The main feature of Kamo is its salad bar. It is called the Hateke Bar. ‘Hatake’ means ‘field’ in Japanese. You can choose miyako yasai there as if you were harvesting vegetables on a farm. The hatake bar offers various kinds of seasonal miyako yasai, including unfamiliar vegetables, such as specific kinds of green leaves. Kamo only serves vegetables grown exclusively in Kyoto. All the miyako yasai in Hatake Bar are just cut to eat, so you can enjoy their tastes as they are. In other words, you can taste “Kyoto” by eating from the Hatake Bar.

Also, if you want to enjoy another flavor with your meal, you should try Kamo’s original dressings, such as the onion dressing or the Japanese white radish dressing. It is very interesting to season vegetables with other vegetables. Another way of changing the flavor is with pitapan, which is a kind of thin bread.   According to one of the Kamo’s staff members, pitapan is very popular among regular customers. You can put your favorite miyako yasai and seasonings on top of Pitapan and enjoy the delicious flavors and textures.

You can eat particularly fresh miyako yasai at Kamo. Every morning, the vegetables are directly transported from local farmers. Then, the vegetables are soon used for dishes. This is one of the most appealing points of Kamo, for you probably cannot encounter such fresh, local dishes using exclusively miyako yasai at any other restaurants in Kyoto.

Another attractive point of Kamo is that the miyako yasai they serve is seasonal.
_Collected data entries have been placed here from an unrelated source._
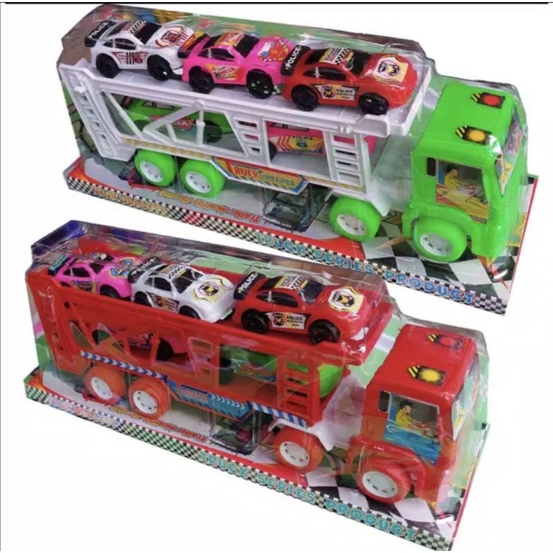 Mainan Mobil Truk Kontainer Angkut 5 Mobil Plastik
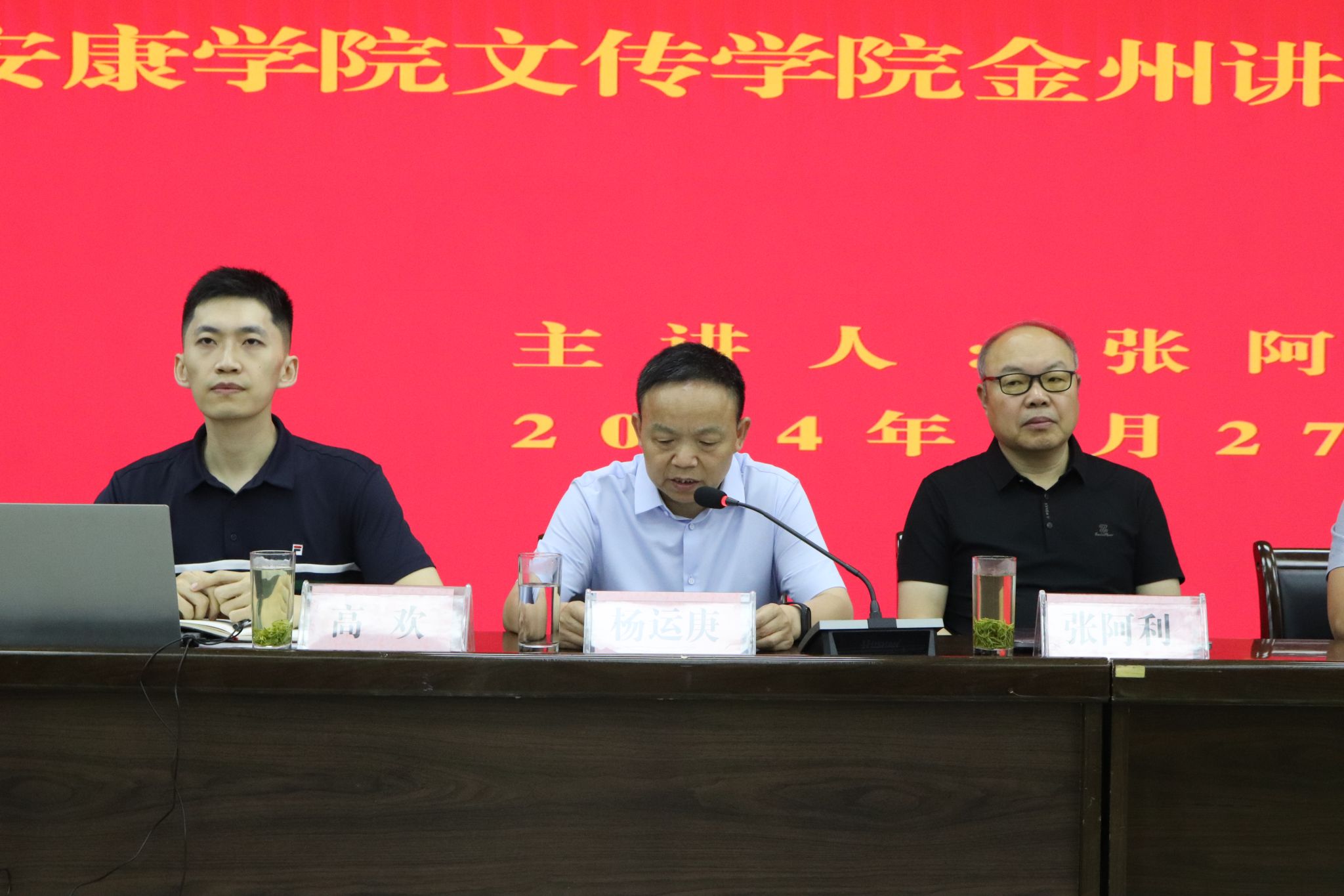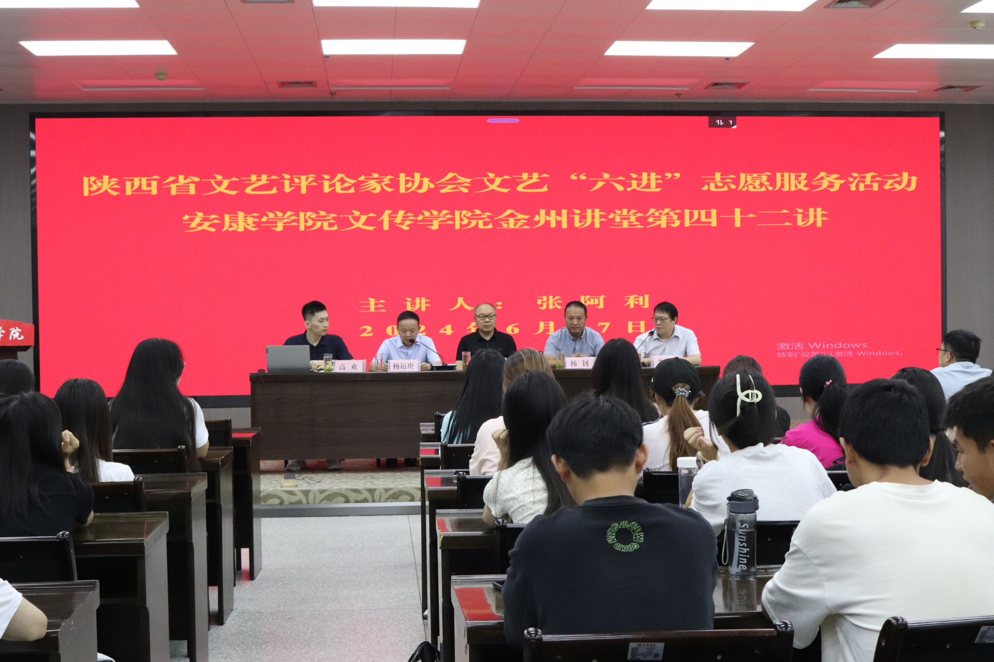 6月27日上午,陕西省文艺评论家协会文艺“六进”志愿服务活动暨我校文传学院“金州讲堂”第四十二讲在江南校区图书馆六楼报告厅举行,陕西省文艺评论家协会主席、西北大学电影学院院长张阿利应邀作了“西部电影四十年”的学术报告。省文艺评论家协会秘书长杨钊、文传学院院长杨运庚出席活动并致辞,活动由文传学院副院长、安康市文艺评论家协会主席朱云主持。
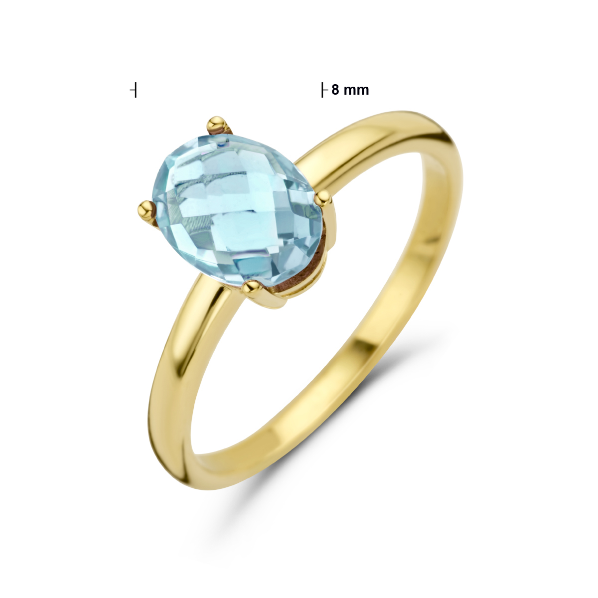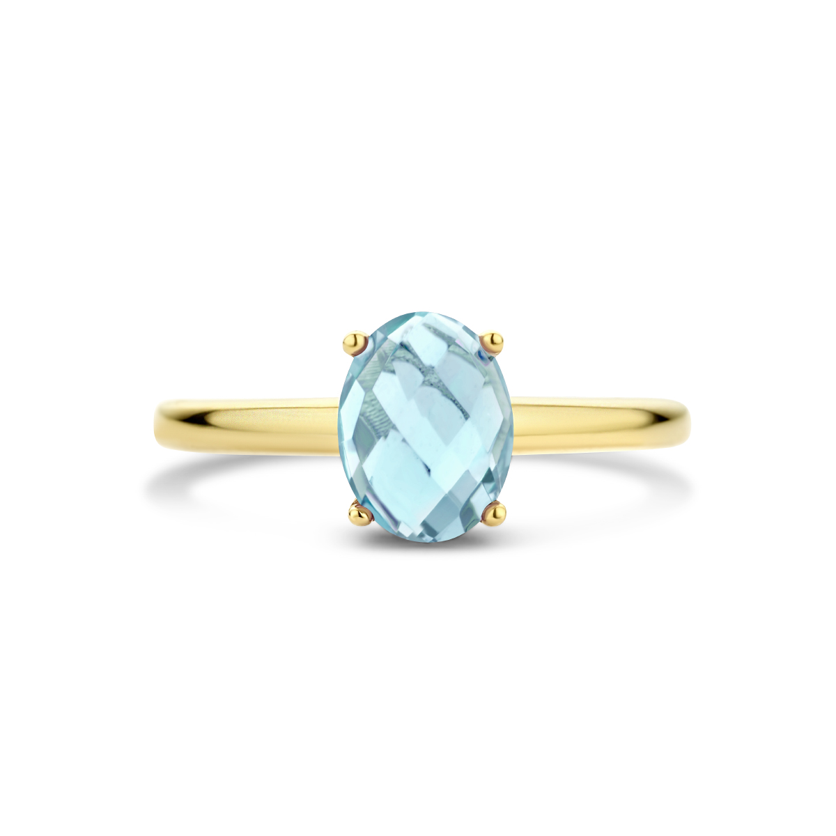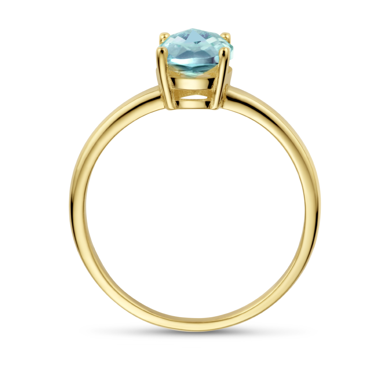 14k Geelgouden ring uitgevoerd met sky blue topaas. De topaas heeft een steengewicht van 0.27ct.

Since they try to feature vegetables that are in season, you can see their brightness and freshness. They also taste great. Finally, Kamo’s chefs make the best use of vegetables they use when they cook. Therefore, very few ingredients are thrown away during the preparation process. This is most important in the minds of cooks.

Eating miyako yasai in Kyoto supports local production for local consumption, which is a good thing for several reasons. First, we can eat fresh vegetables soon after being harvested. These taste the best. Second, we reduce our carbon footprint because the vegetables do not need to be transported from other prefectures or countries. Third, we can eat safe vegetables. In Kamo, they display photos and descriptions of the farmers right next to the vegetables you are going to eat. In this way, you can know exactly who grew and harvested the vegetables, so there is no worry of contamination from pesticides, for example.

Finally, eating miyako yasai is healthy. Fresh, organic vegetables are good for our body. They contain a lot of vitamins. People who go on a diet or take care of their own health can also eat dishes without thinking about calories because all dishes are very healthy and low on calories.

During your stay in Kyoto, make sure you try eating miyako yasai at least once. You are sure to like it.

Access to Kamo

There are three Kamo restaurants in Kyoto city.

1. Kamo at Shijo-Karasuma.  It is where we visited to interview. You can find the black building, Kamo at Shijo-Karasuma on Higashi-no-toin street. It is convenient to get off at Hankyu Karasuma station or at Shijo station of city subway.

2. Kamo in front of the Kyoto aquarium. It is located on Omiya street and in front of Kyoto aquarium. You can easily get there by using city bus and getting off at Nanajo-Omiya.

3. Kamo in Kawaramachi-cho.  It opened this spring and newest Kamo restaurant. You can get there in five minutes after getting off at Hankyu Kawaramachi-cho station.